I've had the same experience with RTK, where my agent got stuck in a loop with a faulty RTK command and could not escape it since RTK hard overwrites anything automatically. I've uninstalled it again for the time being.
I had better results with lean ctx and context mode than with rtk.
Wondering too
Yeah we're also interested in doing this, it's on the roadmap together with optimization of the prompt and descriptions so that models have an easier time using it.

Perhaps anecdotally: we do use this tool ourselves of course, and it's been working pretty well so far. Anthropic models call it and seem to trust the results.

I forced Claude to have a global memory for RTK and my own AI memory system (GuardRails) which it happily uses both, the only times it doesnt use GuardRails is if I dont mention it at all, otherwise it always uses RTK unless RTK falls apart running a tool it does not support.
Token savings is more and more important, but it also important if the agent trusts the result and stops searching. it should measure the full agent loop instead of just the search output
>so heavily RL'd with grep

At least codex listens to me telling it to use rg instead of grep, cause grep is often so slow. But when adding rtk it uses grep through rtk which is kind of annoying.

I think the best bet is to use some kind of proxy so when the model calls grep, you intercept the call, use other tool to search and give back the results to the model.
True.
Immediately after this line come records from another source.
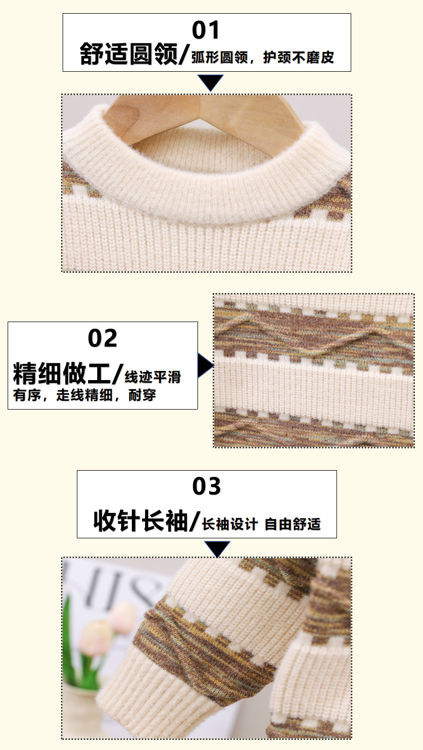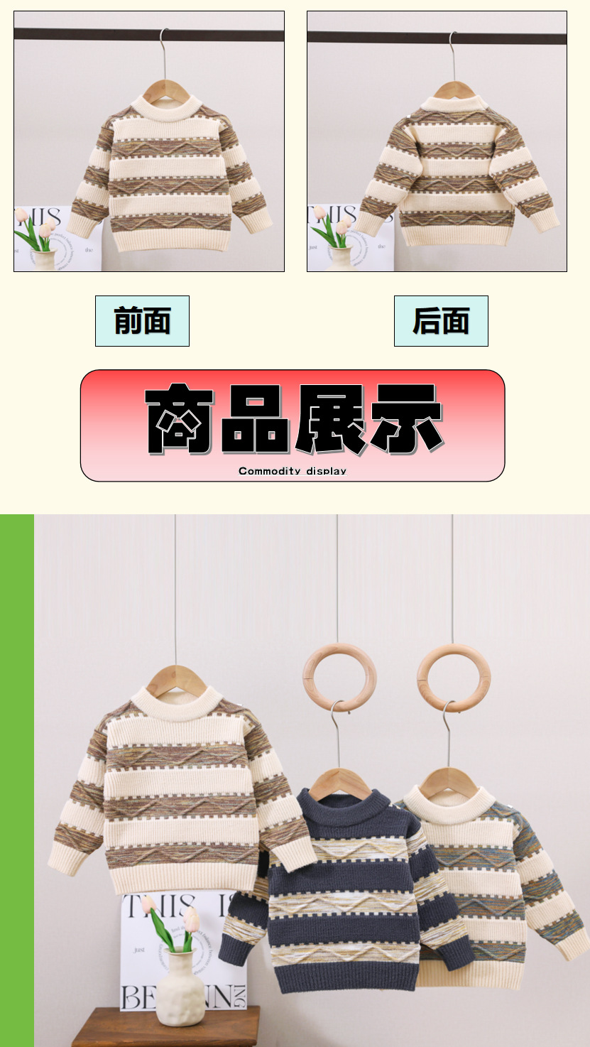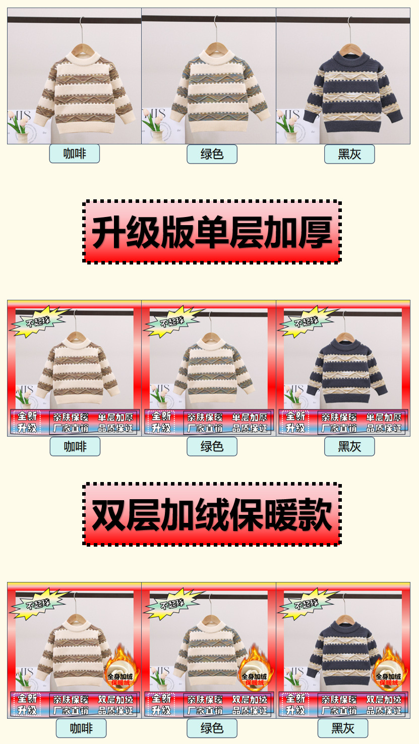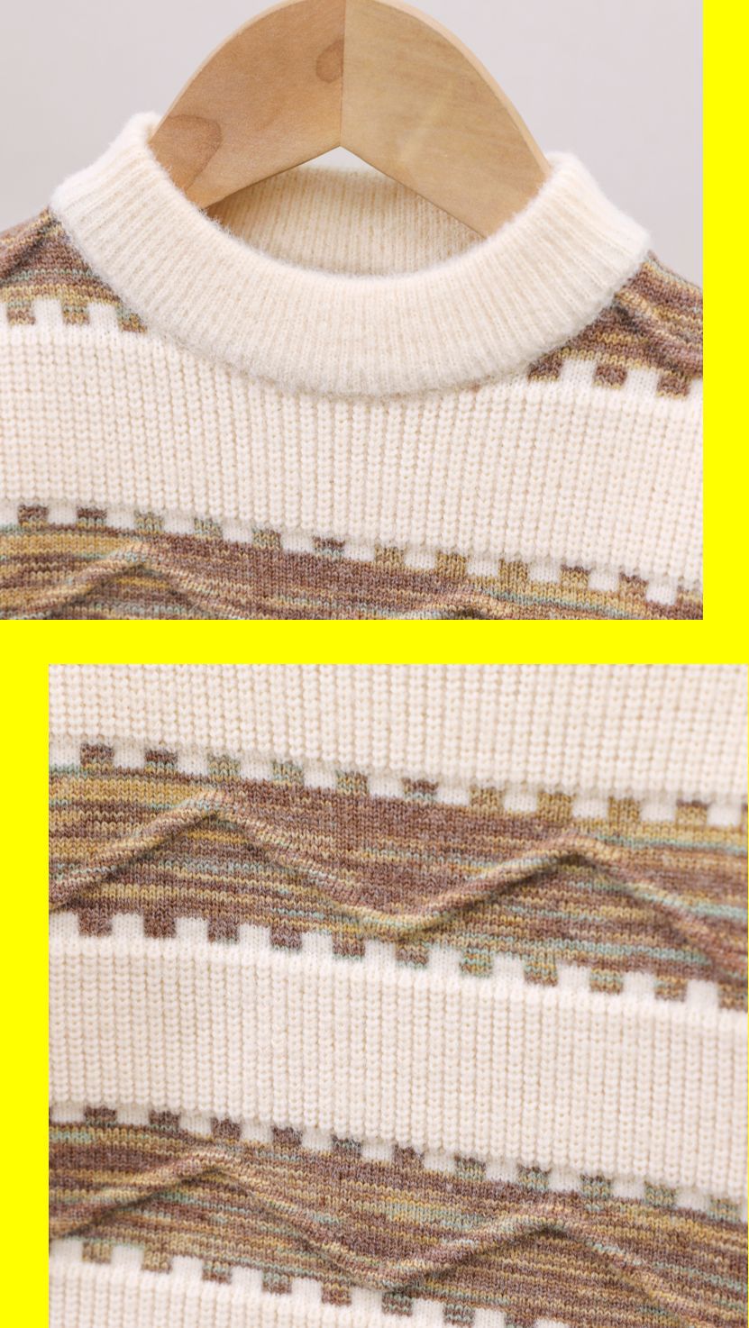 남아용 스웨터, 기모 처리 및 두꺼운 소재, 남아용 니트웨어, 2024년 아동 겨울옷, 보풀이 없는 스트라이프 배색 이너웨어스토어 가기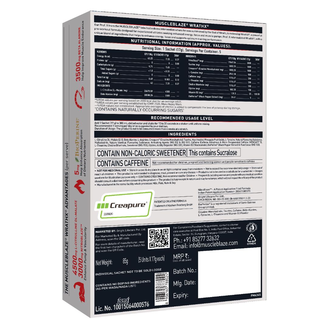 MuscleBlaze Pre Workout WrathX with Creapure®, Nitroblaze & BioPerine (Cola Frost, 85g, Pack of 5)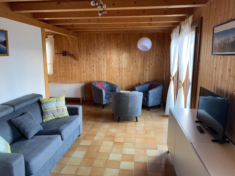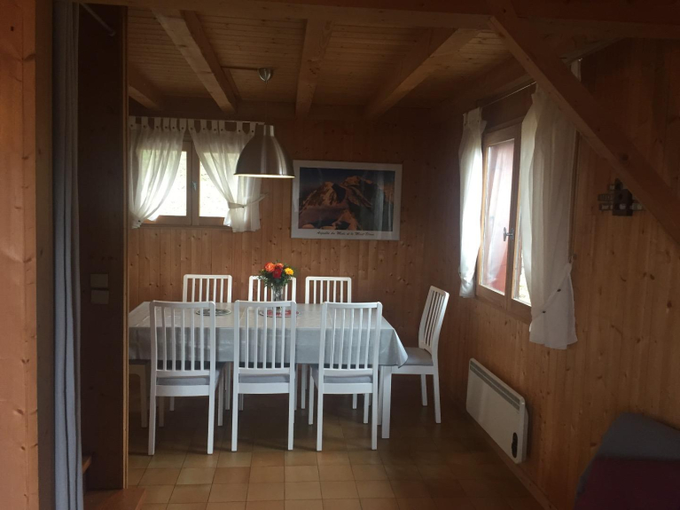 Chalet muy luminoso, sobre 900 m2 de terreno, con aparcamiento privado, garaje para un coche, terraza y balcón orientados al sur. En la planta baja : * cocina con horno, microondas, lavavajillas, * una gran sala de estar, comedor con TV y un rincón de relax, * un aseo separado.* un baño con ducha. En la primera planta: * Dos dormitorios con cama de matrimonio* Un dormitorio con cama de matrimonio* Un aseo y un lavabo. Lavadora en el sótano.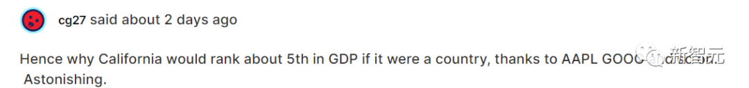 有网友顺便指出,如果加利福尼亚州是一个国家的话,GDP排名大概排名全球第五,仅次于美国、中国、日本、德国,毕竟苹果、谷歌等硅谷巨头实在太能赚钱了。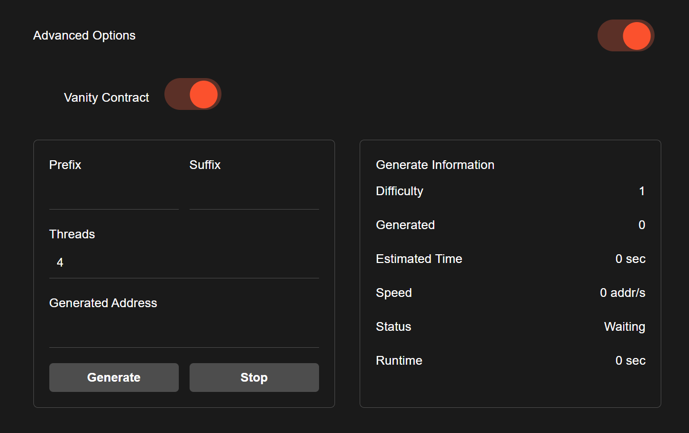 **Vanity Contract**: If you want to customize the token contract, use the vanity contract to create the token.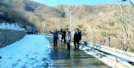 2019年2月16日,石家莊的白雪初化,陽光已是分外溫暖,正值開工的第一個(gè)周末,設(shè)備所舉行了西山森林公園登高戲雪活動(dòng)。此時(shí)的西山森林公園內(nèi),半幅道路的雪已被清掃,半幅留有一些,空氣優(yōu)良,視野開闊,是登高舒意的絕好去處。

Just have the interface that behaves like grep and the output is as expected like grep but internally: indexed, ranked, ...

So the model trusts the output because it is grep :D

I tried to use rtk once and the model got stuck just running and rerunning and rerunning in a loop, until I killed it. I have no idea what happened.
Hey, this is something we're actively working on, but this is hard (and expensive) to do well across harnesses/models. The grep pretraining thing is very interesting though, I've noticed the same. E.g. Sonnet 4.6 seems to trust semble but Opus 4.7 less so. I'm hoping we can quantitatively test this and improve it when we have proper benchmarks for this as well. If you do have any feedback though let me know!